The opportunity at the Alberta-Pacific mill has in part already been realized. The mill received a $62.9 million grant from the Government of Canada’s Pulp and Paper Green Transformation Fund based on the amount of black liquor the mill produced. Ward said the mill has since built a new transmission line, constructed a power substation and made all the tie-ins. “We are currently working on the installation of a new generator and steam conducting turbine to utilize low pressure steam to create additional renewable energy from the steam we already produce.”
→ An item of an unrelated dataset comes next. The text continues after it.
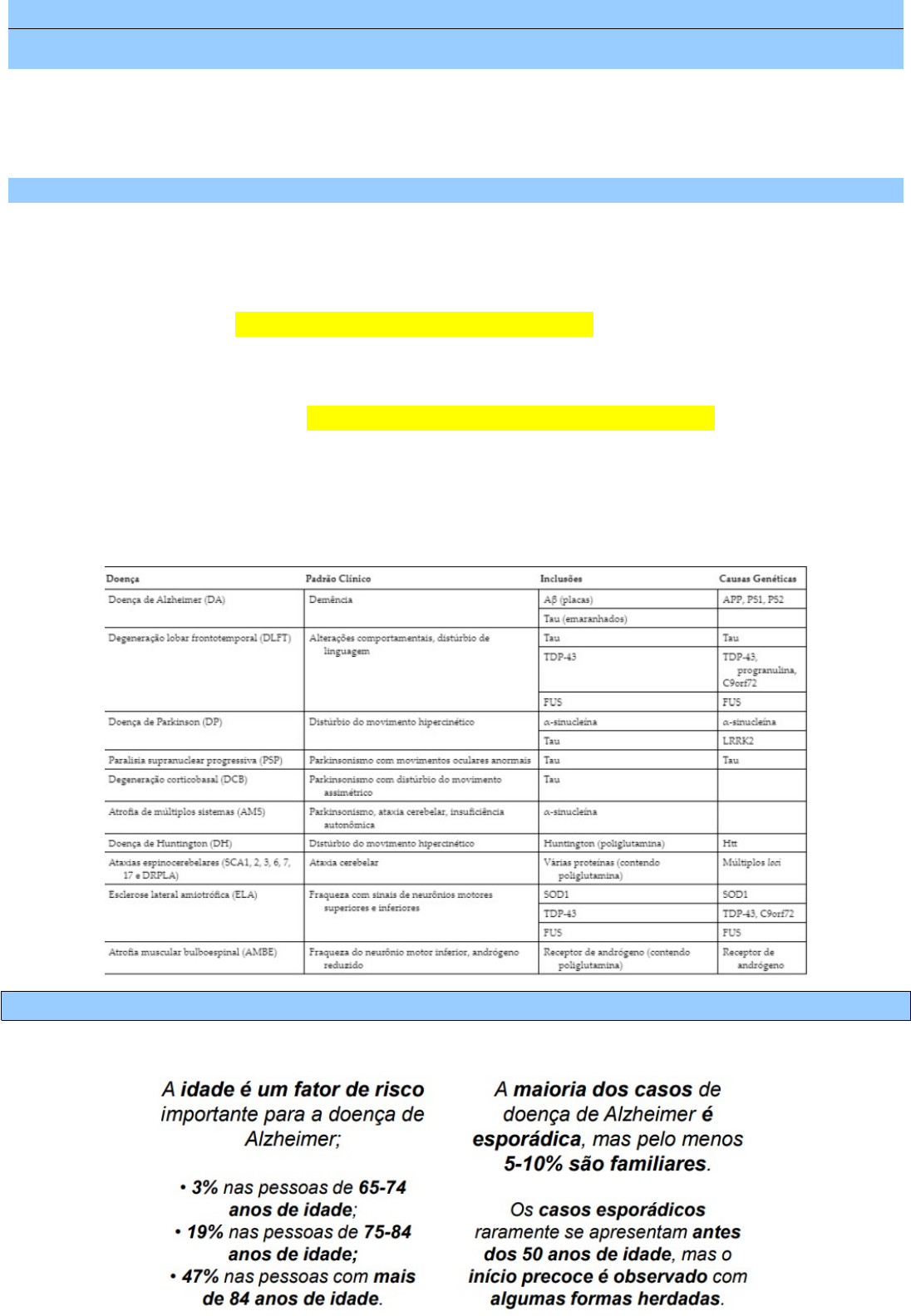 FISIOPATOLOGIA 2 Karoline Barbosa da Silva segunda-feira, 26 de outubro de 2020 DEMÊNCIAS DEMÊNCIA “É definida como déficits múltiplos persistentes e progressivos comprometendo a memória e um ou mais dos seguintes domínios: linguagem, capacidade visuoespacial, emoção, personalidade ou cognição, capazes de interferir com as atividades sociais e ocupacionais. DOENÇAS NEURODEGENERATIVAS Distúrbios caracterizados pela perda progressiva de neurônios que cursam com o acúmulo anormal de proteínas devido a uma alteração na conformação da proteína, no metabolismo e processamento dessa e a produção excessiva de proteínas. Duas abordagens: Sintomática/anatômica: baseada nas regiões anatômicas do SNC que são primariamente afetadas, o que em geral se reflete nos sintomas clínicos (p. ex., envolvimento neocortical resultando em prejuízo cognitivo e demência). Patológica: baseada nos tipos de inclusão ou de estruturas anormais observadas (p. ex., doenças com inclusões contendo tau ou contendo sinucleína); O acúmulo de proteínas é conhecido como substância tóxica e isso pode comprometer a função dos neurônios somado a infamação gerada, resultando na destruição dessas células. Com isso, a sinapse que antes ocorria é prejudicada. DOENÇA DE ALZHEIMER É a causa mais comum de demência na população idosa. Patogenia Na fisiologia as enzimas alfa e gama secretase realizam a clivagem da proteína precursor de amiloide, gerando um peptídeo que é facilmente quebrado pois é solúvel Na via patológica ao invés da alfa secretase fazer a clivagem da proteína precursora, a beta secretase atua no lugar dela. Contudo, essa enzima faz a quebra em um local diferente da proteína, gerando um peptídeo maior que não é solúvel, ou seja, o organismo não consegue utilizá-lo em outras funções. O peptídeo gerado acaba acumulando-se no espaço extracelular, esse se junta com outros peptídeos gerando agregados maiores gerando, posteriormente, as placas e emaranhados. A amiloide beta se deposita na parede dos vasos sanguíneos desenvolvendo a angiopatia amiloide cerebral eu curso com hemorragia. Características patológicas: emaranhados neurofibrilares e placas Manifestações clínicas Início insidioso • Prejuízo da função intelectual superior • Alterações de humor e comportamento. Mais tarde • Desorientação • Perda de memória e afasia (indicativos de disfunção cortical grave) • ao longo de mais 5-10 anos o paciente se torna profundamente incapacitado, mudo e imóvel. Geralmente, a morte devido a pneumonia intercorrente ou a outras infecções DEGENERAÇÃO LOBAR FRONTOTEMPORAL (DEMÊNCIA FRONTOTEMPORAL) É a segunda causa mais frequente de demência pré-senil, com idade de início geralmente entre 45 e 65 anos. Está associada à atrofia do lobo frontal e temporal, levando a uma disfunção progressiva do comportamento, personalidade e linguagem, principalmente com preservação da memória. Diferentes subgrupos são caracterizados por inclusões neuronais envolvendo as regiões afetadas. É subclassificada em três patologias distintas e não sobrepostas: -Tau (doença de Pick) (50%) -TDP ‐ 43 (45%) -FUS (5%) DOENÇA DE PARKINSON É uma doença neurodegenerativa marcada por um distúrbio de movimento hipocinético proeminente, que é causada pela perda de neurônios dopaminérgicos de substância nigra. Patogenia Aqui também há um acúmulo anormal de proteína alfa sinucleína. Fisiologicamente, ela é fundamental para a homeostase da vesícula pré-sináptica, ou seja, ela é fundamental para a transmissão de sinapses entre os neurônios. Quando ocorre esse acúmulo, o comprometimento da sinapse é geral, envolvendo a liberação de neurotransmissores. Além da inflamação dos neurônios e indução de apoptose deles. Além disso, os EROS comprometendo a proteostase. Manifestações clínicas Sinais e sintomas extrapiramidais, como bradicinesia, rigidez, tremor durante o repouso, postura encurvada e marcha com passos progressivamente encurtados e acelerados, acompanhados de face inexpressiva característica. A morte geralmente é o resultado de infecção intercorrente ou trauma decorrente das quedas frequentes provocadas pela instabilidade postural. Quando a demência surge no intervalo de um ano a partir do início dos sintomas motores, é chamada demência do corpúsculo de Lewy (DCL).

Ward hopes the work thus far at the plant will help his mill produce products like biodiesel or biomethanol in the future. Ward hopes the work thus far at the plant will help his mill produce products like biodiesel or biomethanol in the future. But even before those efforts become reality, Ward has plans for nanocrystalline cellulose (NCC), or as he calls it, the “Kevlar of the forestry industry.” NCC are nano-sized crystals from the cellulose in the wood pulp that can be used in textiles, pharmaceuticals, or even as Ward points out, bullet proof vests. “It’s very high-tech, and research continues to look at a variety of potential products, such as high strength coatings for paneling,” and other products like bullet proof vests and roll-on truck box liners.

Ward believes efforts to extract NCC for use in such products may happen sooner than other projects at his mill, and, when the mill does become a true biorefinery as he hopes it will, hundreds of millions of dollars will have been invested into his mill.